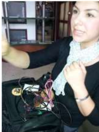
Foto asesoría puntual Manizales, Caldas- febrero 21 de 2013 ,Artesanías de Colombia S.A.
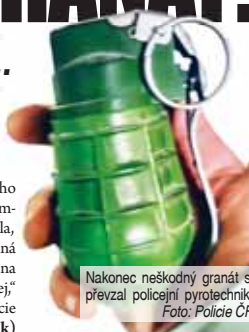
Nakonec neškodný granát si převzal policejní pyrotechnik.

„V úterý 10. prosince večer jsme přijali oznámení od třiatřicetiletého muže o nalezení granátu v Prostějově. Oznamovatel uvedl, že po nájemníkově vyklízení bytu a v jedné tašce, kterou mezitím odnesl do vozidla, nalezl ruční granát. Kontaktoval nájemníka, který mu sdělil, že se jedná o granát s odstraněnou rozbuškou. Policie pyrotechnik po příjezdu na místo potvrdil, že se jedná o granát URG 86 bez náplně a převzal si jej,“ informoval Libor Hejtman, tiskový mluvčí Krajského ředitelství Policie ČR v Olomouci. (mik)
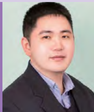
남, 자폐성장애, 서양화

### [ABOUT THIS EXERCISE]
Your copy should hold exactly the lines from the line bearing "Nakonec neškodný granát" through the end of the data, both included, and no pictures or anything further.

### [TASK ANSWER]
Nakonec neškodný granát si převzal policejní pyrotechnik.

„V úterý 10. prosince večer jsme přijali oznámení od třiatřicetiletého muže o nalezení granátu v Prostějově. Oznamovatel uvedl, že po nájemníkově vyklízení bytu a v jedné tašce, kterou mezitím odnesl do vozidla, nalezl ruční granát. Kontaktoval nájemníka, který mu sdělil, že se jedná o granát s odstraněnou rozbuškou. Policie pyrotechnik po příjezdu na místo potvrdil, že se jedná o granát URG 86 bez náplně a převzal si jej,“ informoval Libor Hejtman, tiskový mluvčí Krajského ředitelství Policie ČR v Olomouci. (mik)
남, 자폐성장애, 서양화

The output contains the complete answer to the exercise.